Mullen walked along a dirt road, littered with hidden improvised bombs, each pointed out and explained by the bomb technicians. The admiral even got to “drive” one of the most popular bomb robots, called a Talon, a lightweight, versatile robot designed for missions ranging from reconnaissance to weapons delivery.

At the end of the day, Mullen talked to about 100 Marines being trained as transition team members. The center trains the trainers who will deploy to mentor Iraqi and Afghanistan forces.

“There’s no more important mission,” Mullen told them. “This is the path home. There is nothing more important to long-term success than getting that right.”

Mullen said trainer teams have to approach their mission differently from how they’d go about a typical Marine mission.
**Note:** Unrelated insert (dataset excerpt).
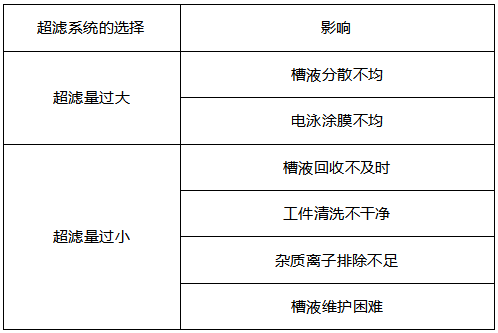超濾系統(tǒng)在設(shè)計時就需要考慮涂裝產(chǎn)能、涂裝物的結(jié)構(gòu)以及槽體大小,根據(jù)條件情況選擇合適的超濾系統(tǒng),不合理的選擇不僅有損槽液及涂膜質(zhì)量,還增加投入成本。
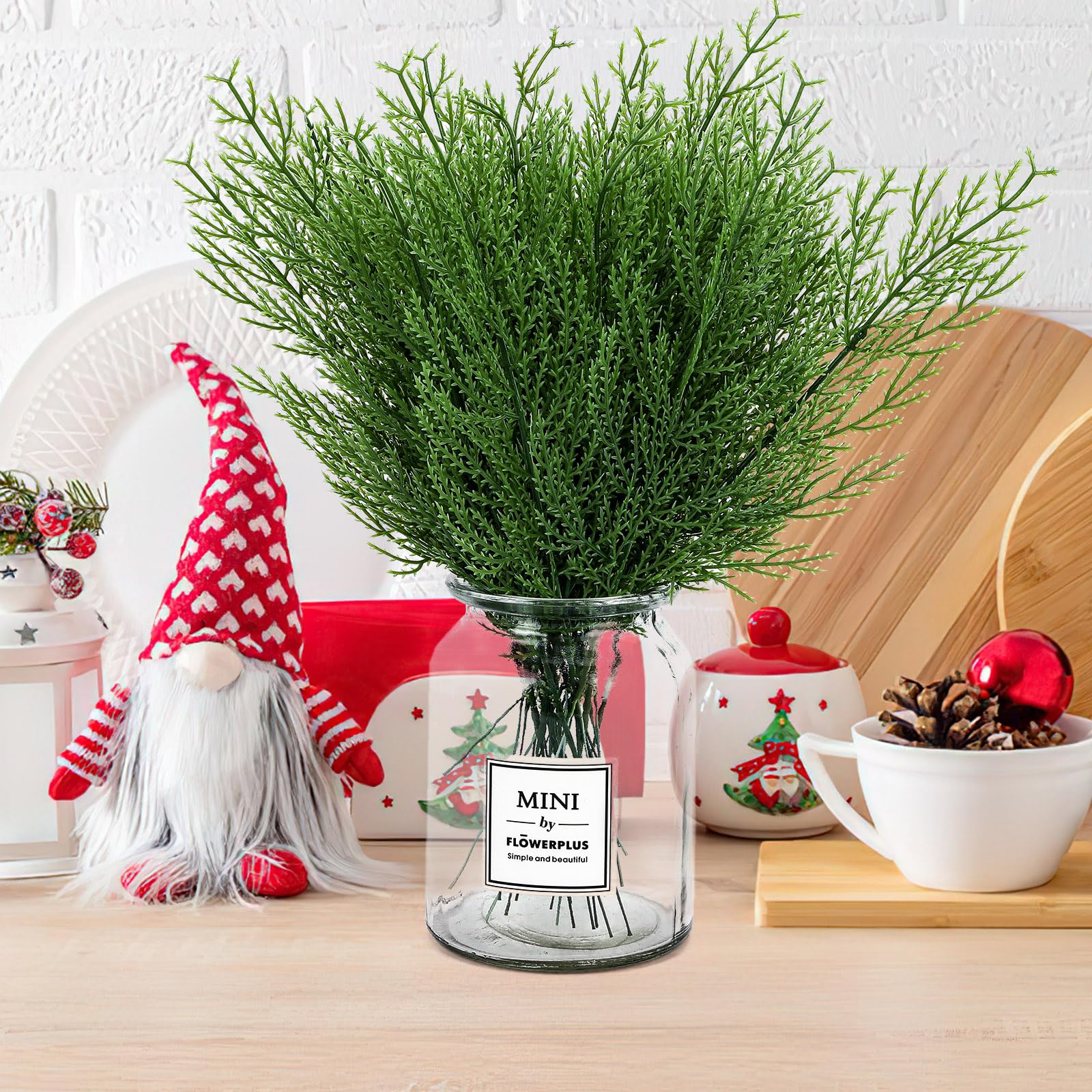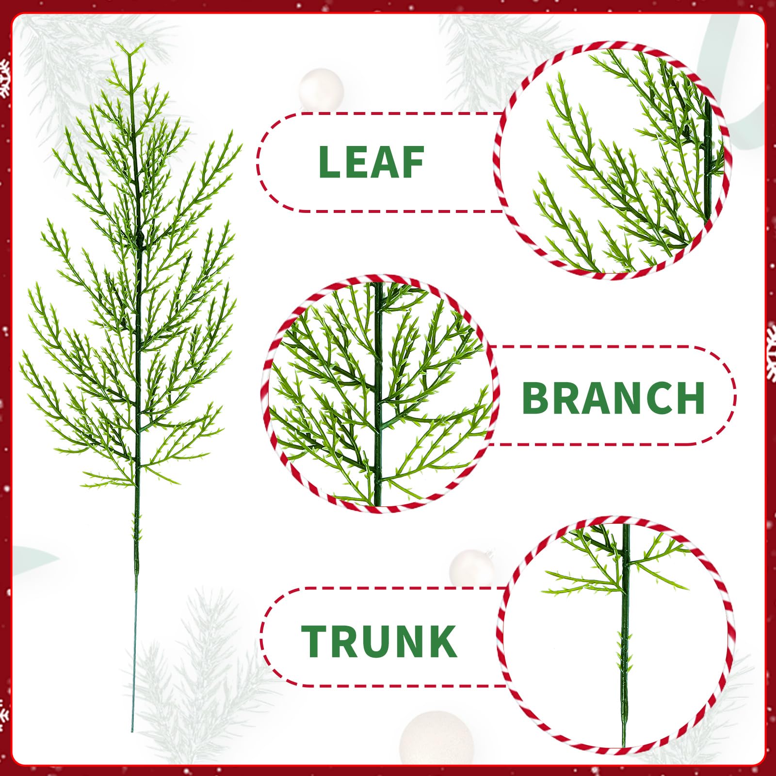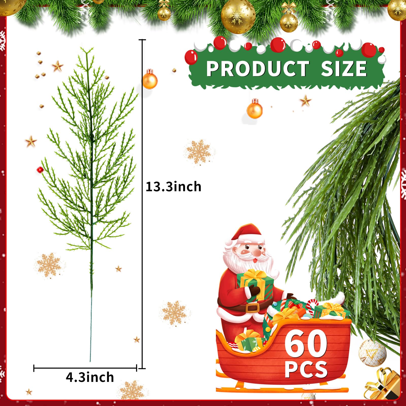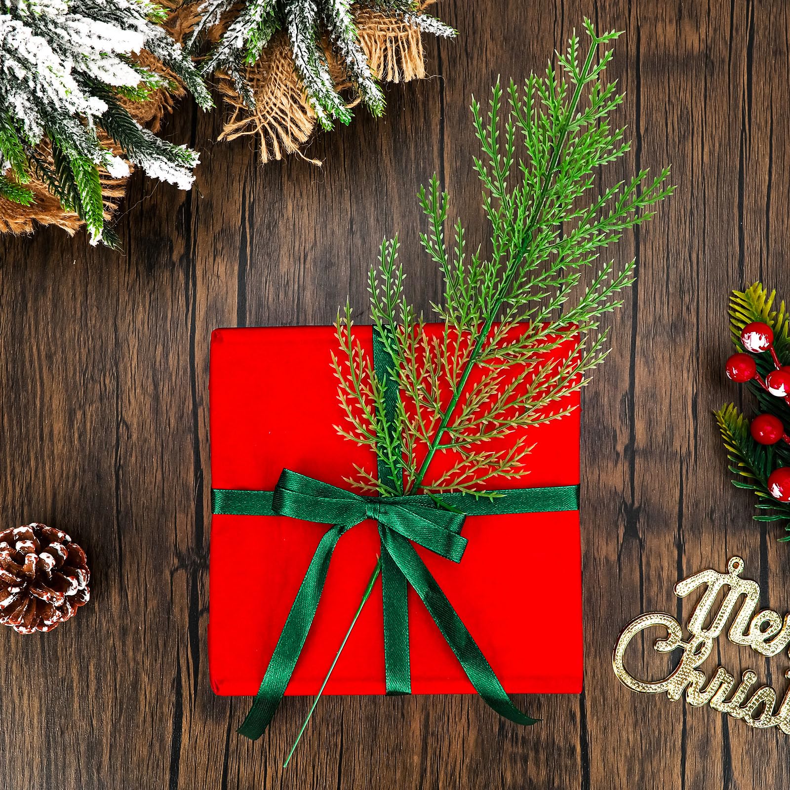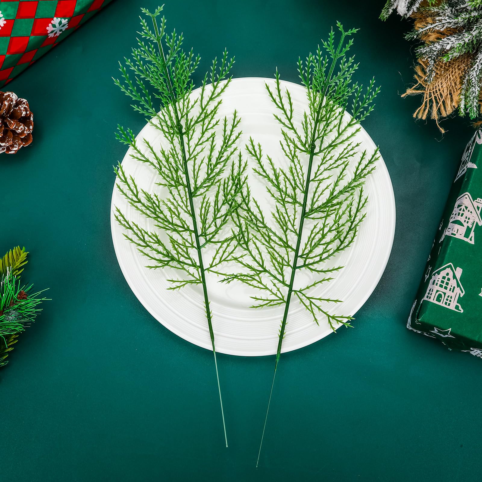 This collection includes 60 artificial branches comprising pine, cedar, and snow pine varieties designed for festive decoration. Crafted from high-quality materials, each branch replicates natural foliage with realistic textures and colors. Suitable for DIY projects, these stems are perfect for creating garlands, wreaths, centerpieces, and other holiday decorations. Their versatile design complements kitchen, family room, or general home decor during the Christmas season, offering a convenient and reusable alternative to real greenery.

“You charge into this environment, and being the best you can be … takes on a different meaning. Things get redefined,” he said. “Being the best you can be in this environment … is to have [Iraqi troops] be the best they can be.”

And while there are no quick solutions to building a safe and secure Iraq, Mullen told the group getting ready to deploy in August, “you can’t solve the world’s problems. But you can put another brick in the road.”

Mullen said he finished the day impressed with the training. This is the chairman’s first visit to Twentynine Palms.

“It’s incredible training. It’s an incredible opportunity to be able to make mistakes before you get in theater,” he said. “My hat’s off to all of the trainers here, including the role players, who have put together a program designed to help us make progress … and save lives.”